▶ [Exercise]:
Every line below must be reproduced exactly; no pictures are to be included.

▶ [Supplied data]:
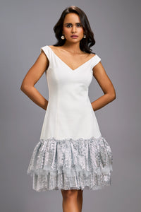 An elegant off-shoulder white dress featuring a V-neck and a flared silhouette. The layered silver shimmer ruffles at the hem bring a graceful shimmer and playful volume, ideal for special celebrations and upscale gatherings.
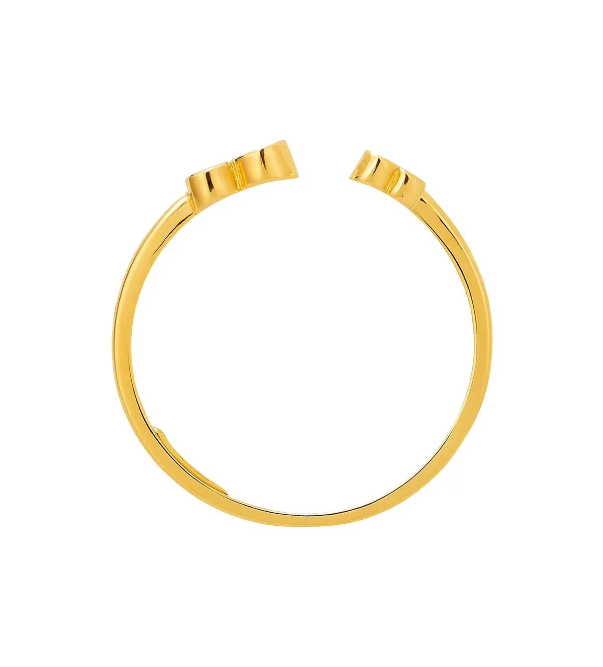 Anillo de oro que enamora a primera vista. Esta joya en oro amarillo de 18 ktes destaca por su diseño abierto con delicados corazones que simbolizan un amor eterno y auténtico. Su ajuste adaptable permite regalar sin preocuparse por la talla, convirtiéndolo en el detalle perfecto para sorprender en cualquier ocasión. Pieza exclusiva, limitada y con disponibilidad inmediata. ¡Aprovecha antes de que se agote!
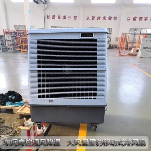 而雷豹移动式工业冷风机就是在固定式的基础上增加了:大水箱、移动脚轮、水泵、蒸发湿帘的一体机,保留了工业固定式冷风机大风量、降温范围广的特点,增加了灵活度。

▶ [Answer space]:
 An elegant off-shoulder white dress featuring a V-neck and a flared silhouette. The layered silver shimmer ruffles at the hem bring a graceful shimmer and playful volume, ideal for special celebrations and upscale gatherings.
 Anillo de oro que enamora a primera vista. Esta joya en oro amarillo de 18 ktes destaca por su diseño abierto con delicados corazones que simbolizan un amor eterno y auténtico. Su ajuste adaptable permite regalar sin preocuparse por la talla, convirtiéndolo en el detalle perfecto para sorprender en cualquier ocasión. Pieza exclusiva, limitada y con disponibilidad inmediata. ¡Aprovecha antes de que se agote!
 而雷豹移动式工业冷风机就是在固定式的基础上增加了:大水箱、移动脚轮、水泵、蒸发湿帘的一体机,保留了工业固定式冷风机大风量、降温范围广的特点,增加了灵活度。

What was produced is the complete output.